Pero a diferencia de entonces, hoy la inmensa mayoría de la sociedad tenemos algo que no teníamos los españoles antaño: Formación. Y la inmensa mayoría de los ciudadanos sabemos que no vamos a caer en las mismas tentaciones violentas, porque las herramientas son otras, porque las soluciones son otras, porque el entorno también es otro. Y la paz social, nuestro fin.

Y entonces, ¿ahora qué?



En este blog ya mostramos nuestro análisis de qué es el nacionalismo, cuáles son sus valores y cómo se combaten. Por lo tanto a lo expuesto nos referimos (ref. nuestra entrada en este blog de enero 2014). Pero por otro lado, del análisis de los resultados de ayer, obtenemos las siguientes conclusiones:

La población de Cataluña es de 7.391.133 habitantes a Enero de 2015 (fuente INE). de los cuales, tuvieron derecho a voto 5.314.913 personas ( el resto son menores de edad y extranjeros sin derecho a voto).

Acudieron a las urnas un total de 4.115.807 personas, que representan un 77,44 % lo que fortalece de manera notable los resultados obtenidos y genera asimismo una carga moral importante a tener en cuenta en el análisis de resultados.
La suma de los votos en blanco así como los votos nulos, no alcanzó el 1%, por lo que resultan inmateriales a la hora de analizar los resultados.

El voto total de los separatistas ascendió a 2.060.418 personas ( resultado de la suma de votos obtenidos por JxSí + CUP + Unió) lo que equivale a decir que el 50,06 % de las personas que acudieron a votar, están por la separación de Cataluña del resto del estado español. Hecho muy notable y de vital trascendencia porque supone el equilibrio más inestable que existe: el de la banqueta de 2 patas o lo que es lo mismo, una verdadera fractura social en la mitad de la población.

Si tenemos en cuenta la representatividad que suponen los votos separatistas frente al total de participación, representan solamente el 28,15% de los votos emitidos, lo que impide a los nacionalistas cantar la victoria, y debería de ser un freno suficiente a la hora de imponer su voluntad por la vía de la voz más alta y de la falta del respeto al ciudadano de enfrente.

Por lo tanto, la conclusión clara es que las elecciones de ayer no sirvieron en absoluto para resolver un problema, sino todo lo contrario, para hacer el problema mucho mayor.

De los 40.555.540 de españoles existentes a enero de 2015 ( la diferencia con los 46.439.864 habitantes censados corresponde a extranjeros), 2.060.418 españoles separatistas catalanes ( 5,80% ) plantean abiertamente su separación política, económica y administrativa del resto del Estado.

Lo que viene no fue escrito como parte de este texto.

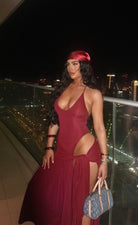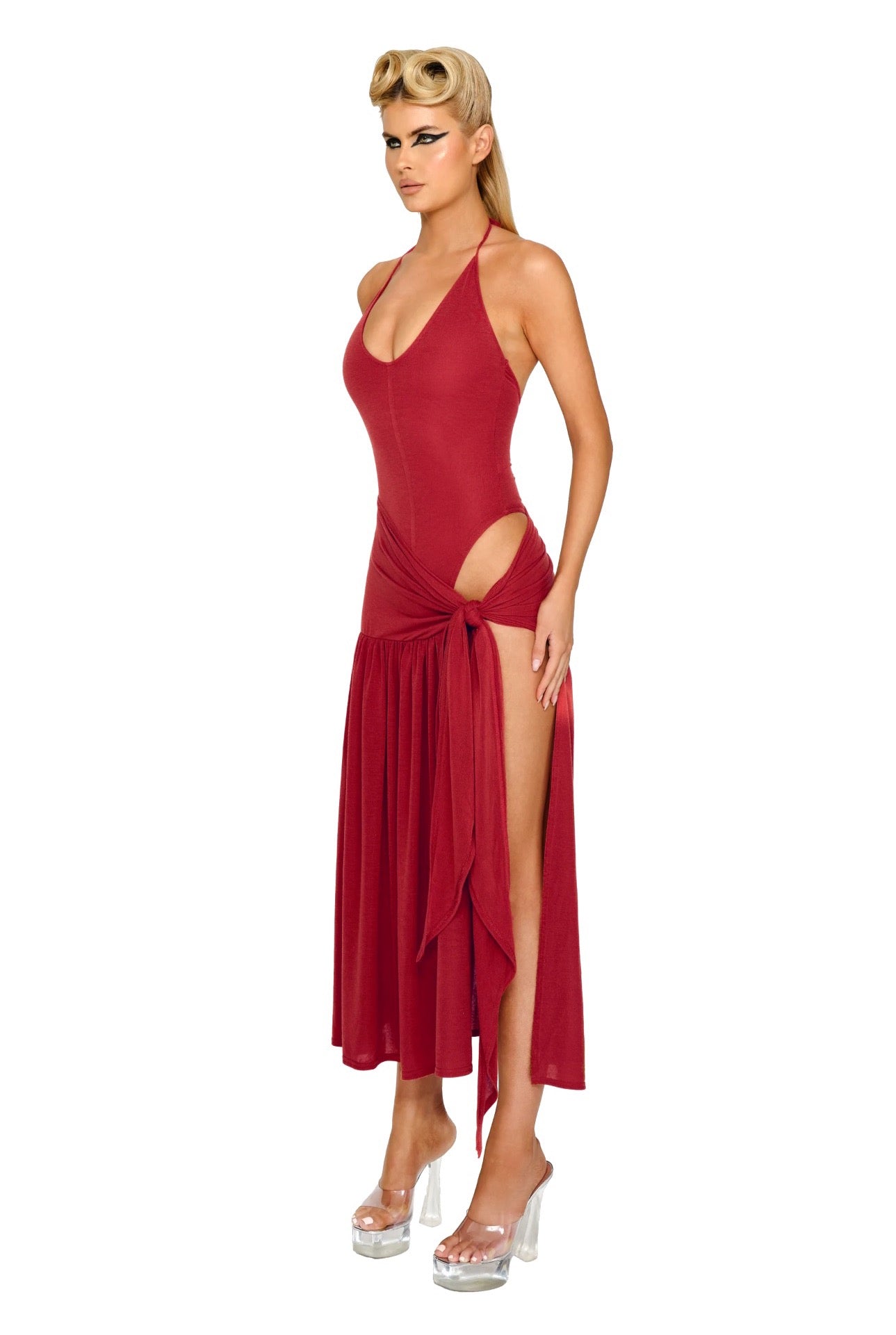 Halter plunge bodysuit with conjoined skirt piece, crafted in double layered luxurious knit. Tie at the side to reveal as much as you want.

Y aquí, ha llegado el momento de tomar una decisión. Y como todas las decisiones que suponen una fractura social, va a ser dolorosa. Pero no podemos continuar más tiempo negando el enfrentamiento social que todos sabemos que no va a acabar nunca. Y no lo va a hacer porque la cesión de competencias desde el Estado central hacia las comunidades autónomas (término muy mal elegido por cierto, hubiera sido mucho mejor el término de comunidades regionales ) ya hace tiempo que se excedió en mucho, hasta el punto de debilitar al Estado en competencias que le son propias tales como la educación, la seguridad, hacienda y Justicia. Competencias que para los socioliberales son de obligado registro y desempeño del Estado.
Por tanto, sabiendo que no podemos ceder más competencias, si no se devuelven parte de las que hay, ¿Cuál de las dos sociedades enfrentadas va a ceder?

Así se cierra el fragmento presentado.